Meanwhile Mpuga and Tim, the only two other black people in the all-white bar, had been watching anxiously as they danced, nay jumped, along. It was Tim's white friend who had brought us to the place and there had been some tension when Miss slender had tried her luck at rub-a-dubbing.  I later learnt one guy who was either her boyfriend or just a white guy who didn't appreciate a black stranger getting lucky in a seemingly all-white bar had started preparing for battle. With the waltz however, that tension was gone and slowly, the circle that had earlier had three black men with one white man slowly enlarged to accommodate those who wanted to show case their waltz skills.  Then we all, white and black, started jumping to the music, throwing our arms in the air like we didn't care and generally had fun. And it didn't matter what the beats of the music were like.
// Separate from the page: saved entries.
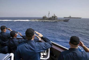 | Keywords: USS Mason salutes USS San Jacinto. (10328456366).jpg U S 5TH FLEET AREA OF RESPONSIBILITY Oct 12 2013 Cmdr Wilson Marks commanding officer of the guided-missile destroyer USS Mason DDG 87 bottom center renders passing honors to the guided-missile cruiser USS San Jacinto CG 56 The aircraft carrier USS Nimitz CVN 68 top right guards the formation Mason is deployed to the U S 5th Fleet area of responsibility conducting maritime security operations and theater security cooperation efforts U S Navy photo by Mass Communication Specialist 2nd Class Rob Aylward/Released 131012-N-PW661-005 Join the conversation http //www navy mil/viewGallery asp www navy mil/viewGallery asp http //www facebook com/USNavy www facebook com/USNavy http //www twitter com/USNavy www twitter com/USNavy http //navylive dodlive mil navylive dodlive mil http //pinterest com pinterest com https //plus google com plus google com http //www flickr com/photos/usnavy/10328456366/ USS Mason salutes USS San Jacinto 2013-10-12 04 01 http //www flickr com/people/56594044 N06 Official U S Navy Page from United States of America MC2 Rob Aylward/U S Navy Attribution License IPTC Caption-Abstract U S Navy photo PD-USGov-Military-Navy Official U S Navy Imagery http //flickr com/photos/56594044 N06/10328456366 2014-04-03 13 29 22 cc-by-2 0 Files uploaded by Russavia Files uploaded by Russavia Naval officers of the United States Salutes USS Mason DDG-87 General views of USS San Jacinto CG-56 General views of USS Nimitz CVN-68 |
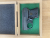 Die Funktion ist einwandfrei, die Waffe wird mit einer Holzschachtel, orig. Bedienungsanleitung,
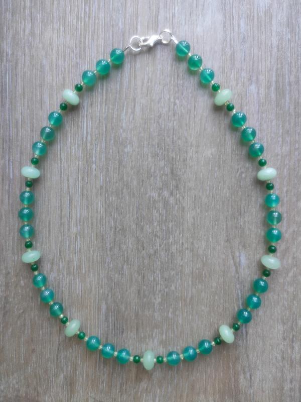Продам свіжий, незвичайний чокер з намистин натурального нефриту, хризопразу та преніту ювелірного огранювання. Розмір намистин нефриту - 4×8 і 4 мм, хризопразу - 6 мм, гранованого преніту - 2 мм відповідно. Нанизаний на ювелірний тросик, застібка – карабін. Виконаний у єдиному екземплярі. Довжина - 39 см, можна поставити подовжувальний ланцюжок на Ваше прохання або змінити розмір самої прикраси. З усіх питань пишіть - відповім.
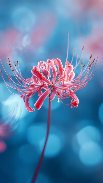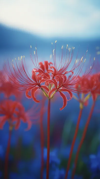 Midjourney Bot 更新时间:2026-01-02 00:08电影中焦特写镜头,完整展现5、6株红色彼岸花(曼珠沙华)。花朵形态完整优美,花瓣在低角度的金色侧逆光下呈半透明,纹理与丝绸质感细腻,纤细的花蕊清晰可见。背景是深邃虚化的幽蓝花海与忘川河水,浅景深营造出强烈的空间隔离感。画面充满电影灯光,戏剧性光影,空气中可见丁达尔效应,超高清细节,照片级真实,仿佛使用ARRI摄像机拍摄,虚幻引擎渲染,具有电影色彩分级,古风玄幻风格,画面主要使用天青色和深红色风格,可怕的民间传说,全景拍摄,反应拍摄,风,色彩鲜艳,生动,高质量,超高,动态,(8k,原始照片),清晰的焦点,(疯狂的细节),高细节的照片,摄影现实主义,超现实主义,连续的角度,完美的构图,自然的几何形状,相机看着过去,闪闪发光的眼睛,昏昏欲睡的脸,模拟电影照片,薄雾和灰尘--第6.1节—第9:16节 --ar 9:16 --v 6.1 --stylize 100

By the time we remembered to go back home, it was four in the morning. Maarifa, the humble and awesome Congolese, who had taken on the unenviable duty of hosting two reckless Ugandans in South Africa had tired of waiting and gone off to sleep. We couldn't get past the reception without our host. It was a coloured guy who, looking beyond the contrast between his colour and Mpuga's still assisted two suspicious looking strangers with a phone, in the wee hours of the night, with which we reached our host.
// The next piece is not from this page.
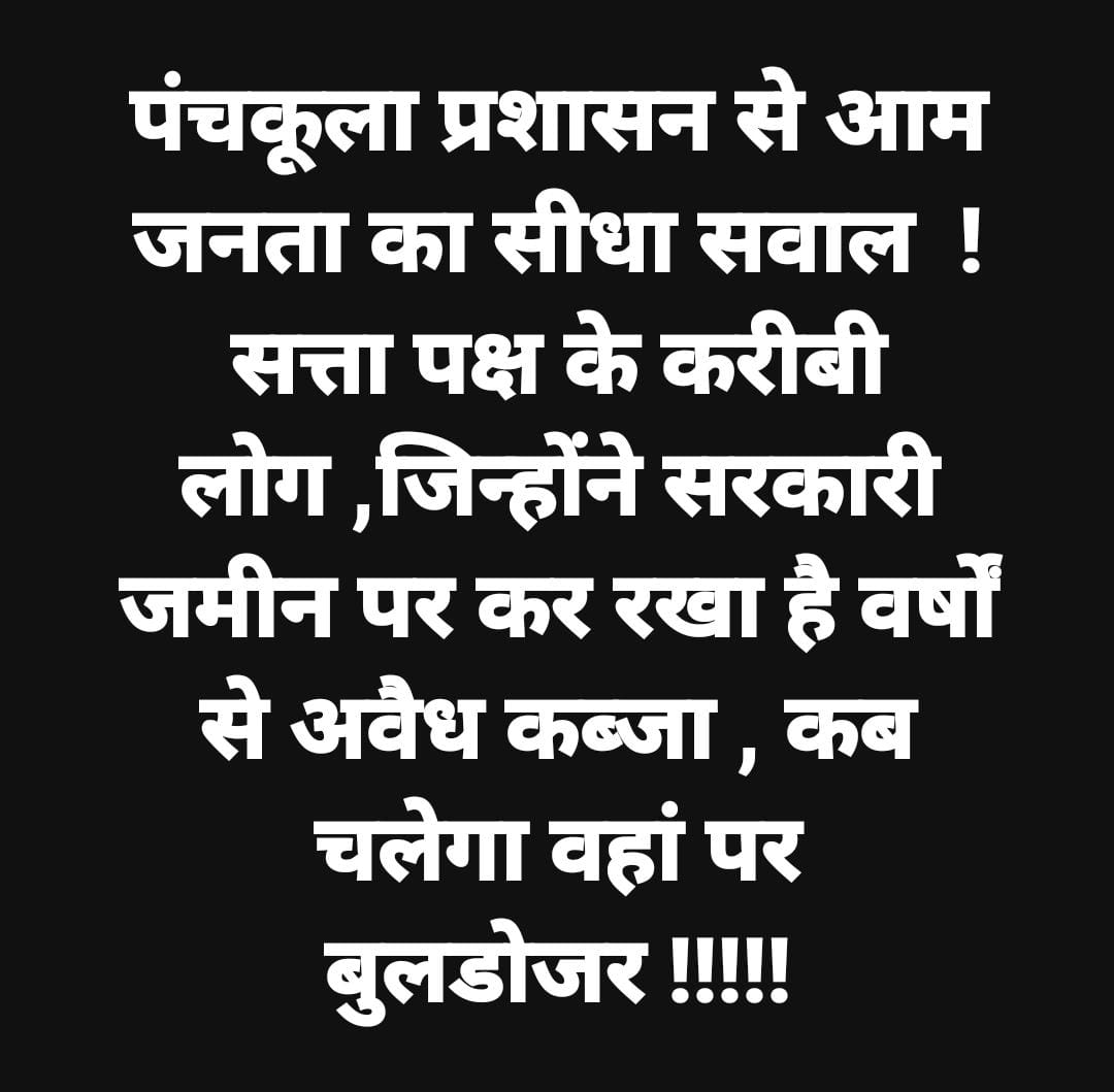पंचकूला शहरी क्षेत्र में कई अमीरों ने सरकारी जमीन पर कब्जा कर रखा है पर प्रशासन की निगाहें वहां तक नहीं जाती हैं क्योंकि यह सभी प्रतिष्ठान सत्ता पक्ष से या तो सीधे तौर पर जुड़े हुए या फिर अप्रत्यक्ष तौर पर जुड़े होते हैं । यही वजह है कि गरीबों की बस्ती तक पहुंचने वाला पीला पंजा यहां तक नहीं पहुंचता । और अगर कभी कबार गलती से पीले पंजे वाली गाड़ी उनके प्रतिष्ठान तक पहुंच भी जाती है तो उसे अधिकारी की खैर नहीं होती जिसने आर्डर दिया होता है । क्या यही कानून का राज है । जहां पर कानून के दोहरे मापदंड हो , यही कानून है ।
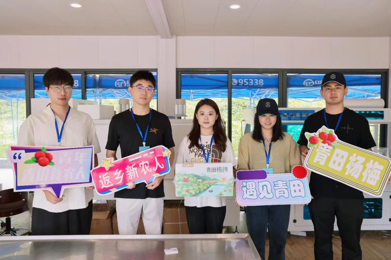 在青田直播现场,商学院农业管理专业研究生与当地的网红达人合作,共同为青田杨梅打call。直播间内气氛热烈,观众们纷纷下单购买,两个多小时的直播,成功助销了600多单青田杨梅。

A day later, at O.R Thambo, a black airport official helped point two confused looking black foreigners in the right direction. But not before he asked, “Do you guys have all the documents? Could you by any bad chance have stayed beyond what your visa allows?”

“We have all the documents”, we said “and our visa would have afforded us 2 more days and we could even have stayed a third if we had found a place where people actually dance,” I added. He burst into laughter: “Oh… We have strict rules here and overstaying could get someone into some serious trouble”, and then artlessly feigning an afterthought, “but you know, with the right motivation, the right people like me can help you get away with breaking the rules.” This man must be Ugandan, I thought. I saved his number just in case I ever find myself in need of getting away with breaking the rules in South Africa.